▸ **What the task requires**:
Exact copies of the lines below, from the one with "Les intronisés de" up to and including the one with "- Overall growth", are what this calls for; leave out pictures.

▸ **Supplied data**:
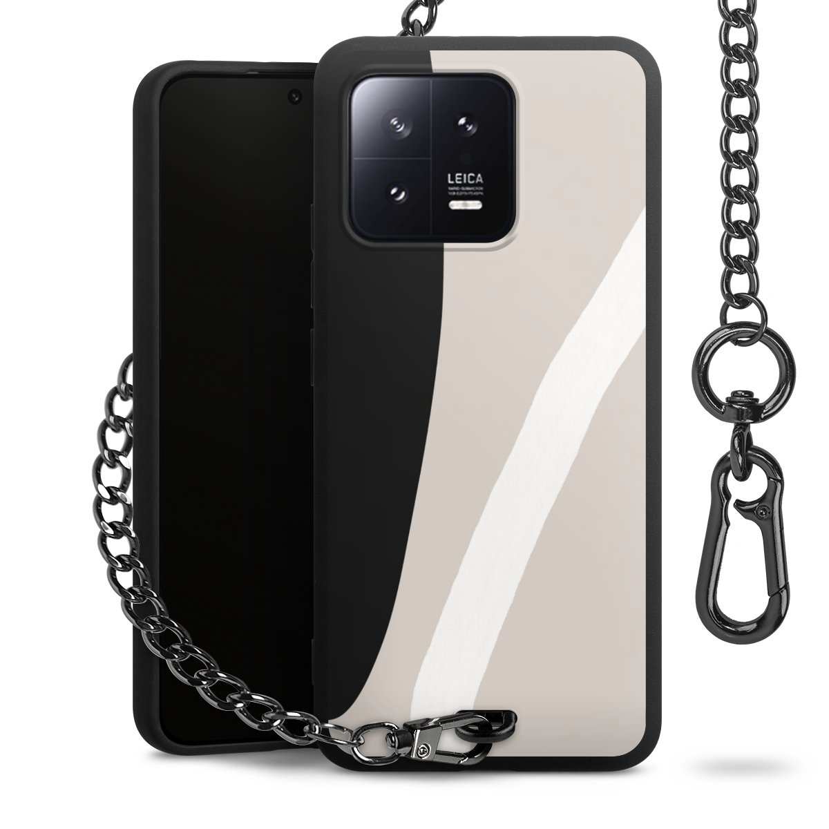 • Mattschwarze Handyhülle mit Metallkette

---

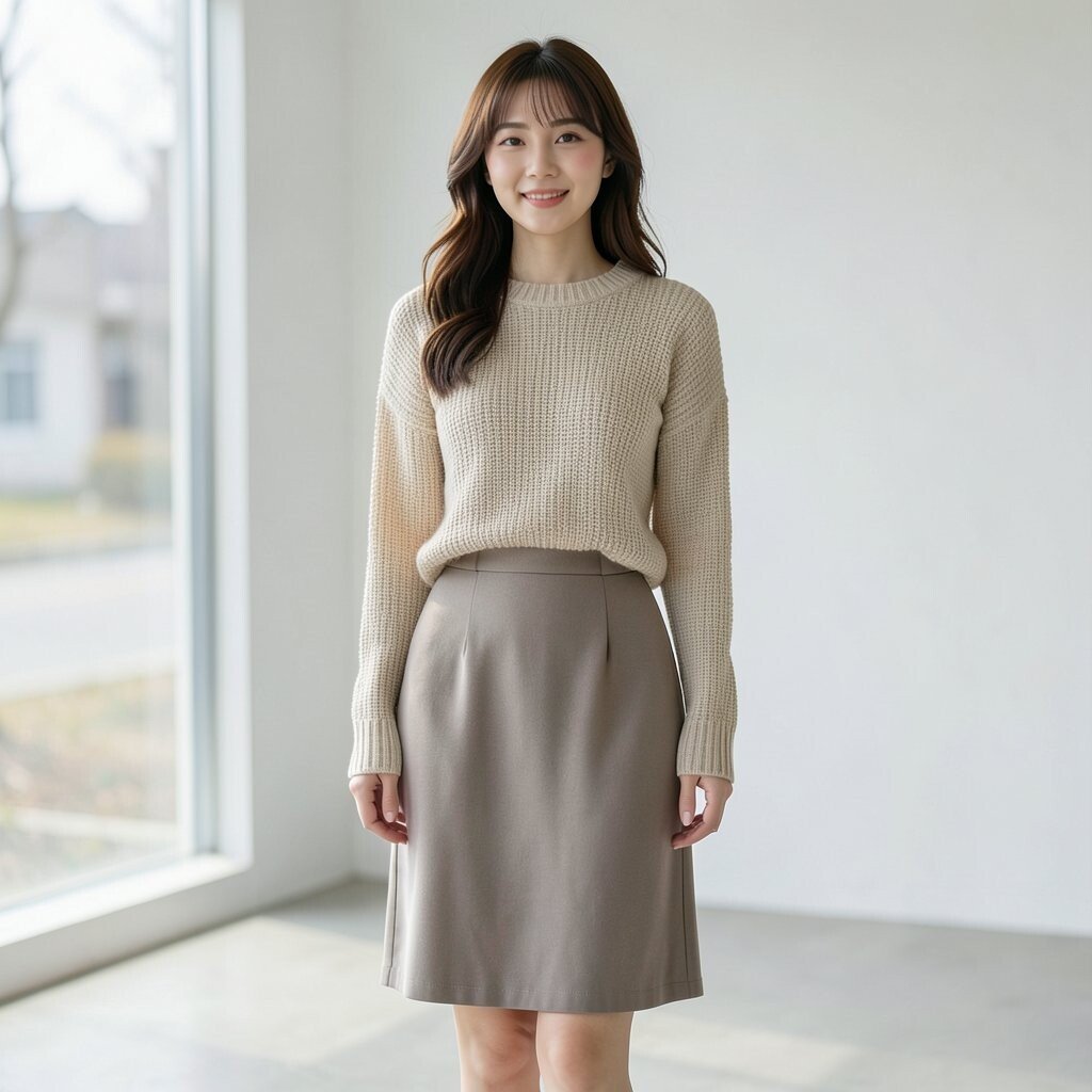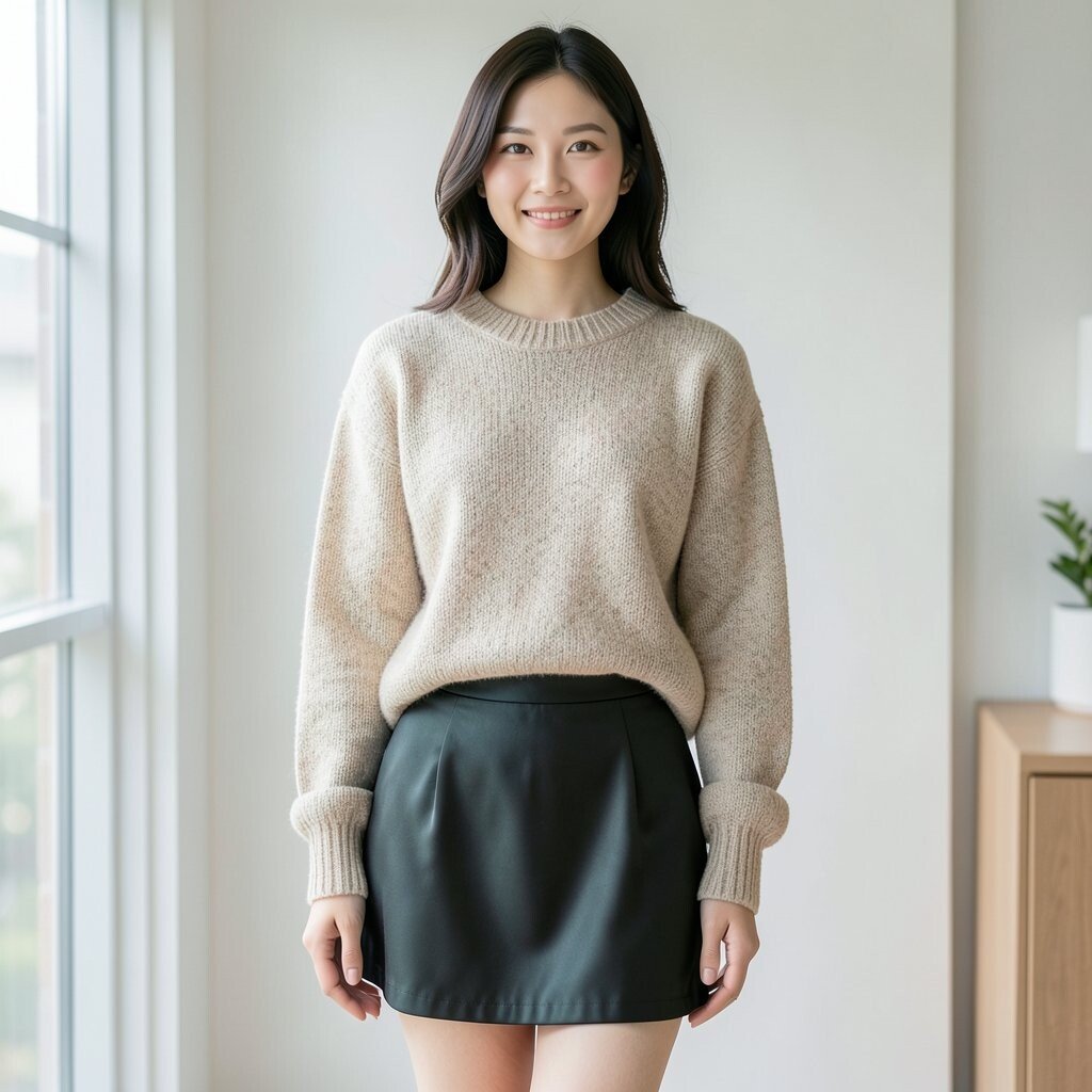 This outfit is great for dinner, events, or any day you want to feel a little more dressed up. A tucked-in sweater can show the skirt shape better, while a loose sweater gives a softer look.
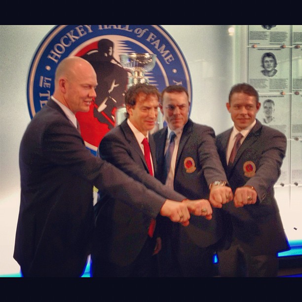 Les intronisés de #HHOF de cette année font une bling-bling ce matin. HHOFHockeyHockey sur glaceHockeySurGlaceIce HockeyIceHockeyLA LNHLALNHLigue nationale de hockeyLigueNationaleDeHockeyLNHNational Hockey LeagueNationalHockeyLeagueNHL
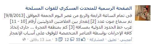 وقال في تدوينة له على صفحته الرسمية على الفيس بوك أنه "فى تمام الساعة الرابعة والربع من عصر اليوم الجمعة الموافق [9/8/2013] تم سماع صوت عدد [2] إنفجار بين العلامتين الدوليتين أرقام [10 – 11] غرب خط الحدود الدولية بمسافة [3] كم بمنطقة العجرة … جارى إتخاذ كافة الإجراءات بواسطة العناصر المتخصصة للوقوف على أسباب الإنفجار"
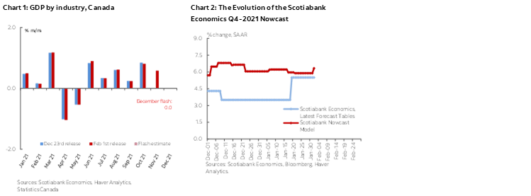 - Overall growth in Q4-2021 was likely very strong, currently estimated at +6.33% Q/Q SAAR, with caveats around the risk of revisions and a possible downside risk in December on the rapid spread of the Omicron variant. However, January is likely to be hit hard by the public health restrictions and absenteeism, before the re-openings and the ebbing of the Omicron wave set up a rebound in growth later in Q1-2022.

▸ **Answer to this problem**:
 Les intronisés de #HHOF de cette année font une bling-bling ce matin. HHOFHockeyHockey sur glaceHockeySurGlaceIce HockeyIceHockeyLA LNHLALNHLigue nationale de hockeyLigueNationaleDeHockeyLNHNational Hockey LeagueNationalHockeyLeagueNHL
 وقال في تدوينة له على صفحته الرسمية على الفيس بوك أنه "فى تمام الساعة الرابعة والربع من عصر اليوم الجمعة الموافق [9/8/2013] تم سماع صوت عدد [2] إنفجار بين العلامتين الدوليتين أرقام [10 – 11] غرب خط الحدود الدولية بمسافة [3] كم بمنطقة العجرة … جارى إتخاذ كافة الإجراءات بواسطة العناصر المتخصصة للوقوف على أسباب الإنفجار"
 - Overall growth in Q4-2021 was likely very strong, currently estimated at +6.33% Q/Q SAAR, with caveats around the risk of revisions and a possible downside risk in December on the rapid spread of the Omicron variant. However, January is likely to be hit hard by the public health restrictions and absenteeism, before the re-openings and the ebbing of the Omicron wave set up a rebound in growth later in Q1-2022.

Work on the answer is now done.